I am starting to cover during Mass. (Just wanted you all to know where I was coming from personally.) However, I saw this, this morning on
Zenit:
ROME, MAY 22, 2007 (
Zenit.org).- Answered by Father Edward McNamara, professor of liturgy at the Regina Apostolorum university.
A full treatment of this text is beyond the scope of this column. But we may say that this passage contains some elements that have perennial theological value and others which reflect transitory social mores which apply only to the specific time and place of the Corinthians.
For example, during the course of history there were times when it was common for men, and even clerics, to wear their hair long; and none felt that St. Paul’s words considering the practice a disgrace applied to them.
Likewise, liturgical norms tell bishops to keep their skullcaps on during some of the prayers during Mass, and they may use the mitre while preaching, without falling under St. Paul’s injunction that this practice brings shame upon his head. The norms, however, do ask him to remove his head covering for the Eucharistic Prayer and when the Blessed Sacrament is exposed.
Apart from bishops, and some canons, custom still dictates that all other men should uncover their heads in church except for outdoor Masses.
During St. Paul’s time it was considered modest for a woman to cover her head, and he was underscoring this point for their presence in the liturgical assembly.

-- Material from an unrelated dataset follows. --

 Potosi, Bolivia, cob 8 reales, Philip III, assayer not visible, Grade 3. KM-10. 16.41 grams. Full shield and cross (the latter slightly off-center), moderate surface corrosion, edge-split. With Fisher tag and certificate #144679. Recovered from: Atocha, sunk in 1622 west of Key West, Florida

This custom was considered normative and was enshrined in Canon 1262.2 of the 1917 Code of Canon Law alongside the recommendation that men and women be separated in Church and that men go bareheaded. This canon was dropped from the new Code of Canon Law promulgated in 1983, but the practice had already begun to fall into disuse from about the beginning of the 1970s. Even though no longer legally binding, the custom is still widely practiced in some countries, especially in Asia. It has been generally abandoned in most Western countries even though women, unlike men, may still wear hats and veils to Mass if they choose.

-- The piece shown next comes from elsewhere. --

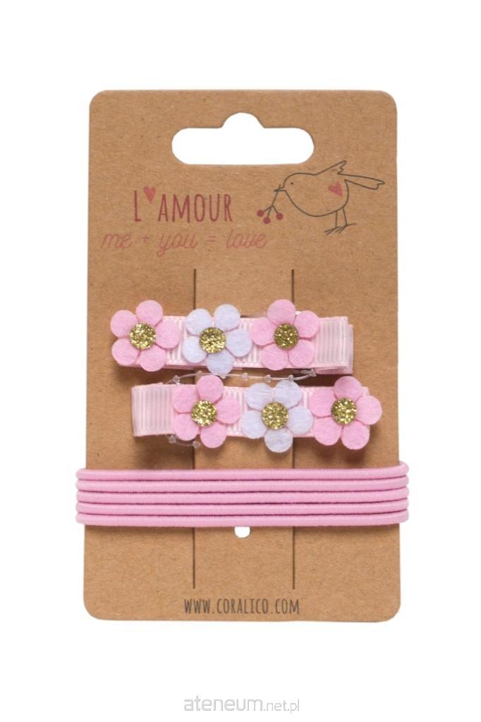 Zestaw klipsów z kwiatkami i gumki. Odcienie różu, bieli i złota

Sociological factors might also have been involved. The greater emphasis on the equality of man and woman tended to downplay elements that stressed their differences.
Likewise, for the first time in centuries, not donning a hat outdoors, especially for men, ceased being considered as bad manners, whereas up to a few years beforehand it was deemed unseemly to go around hatless.
This general dropping of head covering by both sexes may also have influenced the disappearance of the religious custom.